The aim of this chapter is to illustrate how Bayesian inference can be used in 
X-ray and neutron scattering applications. The Bayesian approach proposed here is 
implemented through an estimation algorithm, which makes use of Markov chains 
Monte Carlo (MCMC) methods [9, 10] integrated, where appropriate, with a 
reversible jump (RJ) extension [11]. This Bayesian method has been already suc- 
cessfully applied in a series of Brillouin inelastic neutron scattering works [12], as 
well as inelastic X-ray scattering ones [13, 14] and, very recently, in the description 
of the time correlation function decay in the time domain as measured by spin echo 
neutron scattering [15, 16]. The rest of the work is organized as follows: Section 2 
provides a motivating example; Section 3 revises the Bayes theorem and discusses 
its different components, as well as some advantages inherent in the Bayesian 
method; Section 4 applies the Bayesian inference to X-ray and neutron scattering 
spectroscopy with special emphasis on model choice, parameter estimation, and 
results interpretation. 


2. An example: searching for differences 


Depending on the problem at hand, our approach to data analysis can be very 
different. Imagine that we want, as a toy or teaching example, to measure either the 
neutron or the X-ray scattering spectrum from a system whose spectrum is well- 
known and its interpretation unanimously agreed. For instance, we aim at 
extracting the phonon dispersion curve from the thoroughly measured spectral 
density S(Q, E) of a given sample. In our replica of past measurements, it is possible 
that the proper discernment of the excitation lines is hampered by both the course 
instrumental resolution and the limited statistical accuracy. The poor quality of data 
could prevent us from easily identifying the spectral features (peaks, bumps, 
shoulders), already measured and characterized by others. For instance, it could be 
overly difficult to establish how many excitations are present in the spectra.
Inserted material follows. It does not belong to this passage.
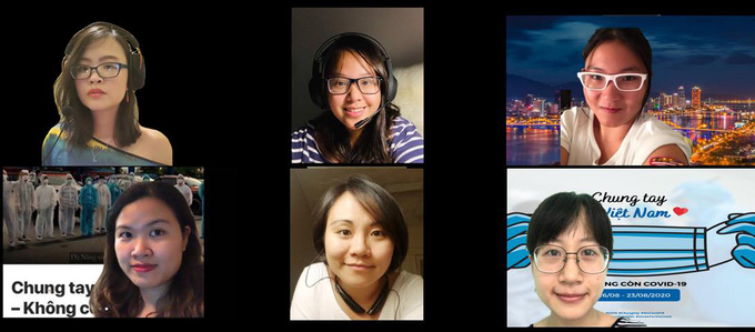 Nhóm 5 cô gái Việt ở Mỹ và một thành viên tại Việt Nam trong cuộc họp trực tuyến hàng ngày về chiến dịch. Từ trái sang, từ trên xuống: Trương Phan Ngọc My, Nguyễn Hà, Bùi Ngọc Thi, Triệu Thuỳ Lan, Đoàn Thị Minh Phượng và Ngô Ngọc Linh. Ảnh: Nhân vật cung cấp.

Unless 
we deliberately refute the conclusions previously reached by other scientists, it is 
natural to enforce a line shape modeling well-established in the kinematic range 
spanned and to verify ex post if the resulting spectral features are consistent with 
those known from literature. 

More often, we face a different problem, as we want to measure for the first time a 
certain system on which we might not have previous knowledge. Alternatively, we 
could have prior knowledge about that same system, yet in different thermodynamic 
or environmental conditions— for instance, a liquid either in bulk or confinement 
geometries—and possible effects of these peculiar conditions are under scrutiny. 
Changes could also be very small, and, since detecting them is the focus of our 
research, it is essential to take the most impartial and noninvasive approach. In this 
second situation, it would be desirable not to rely too heavily on previous results when 
choosing the model and to allow the measurement to reveal possible new features. 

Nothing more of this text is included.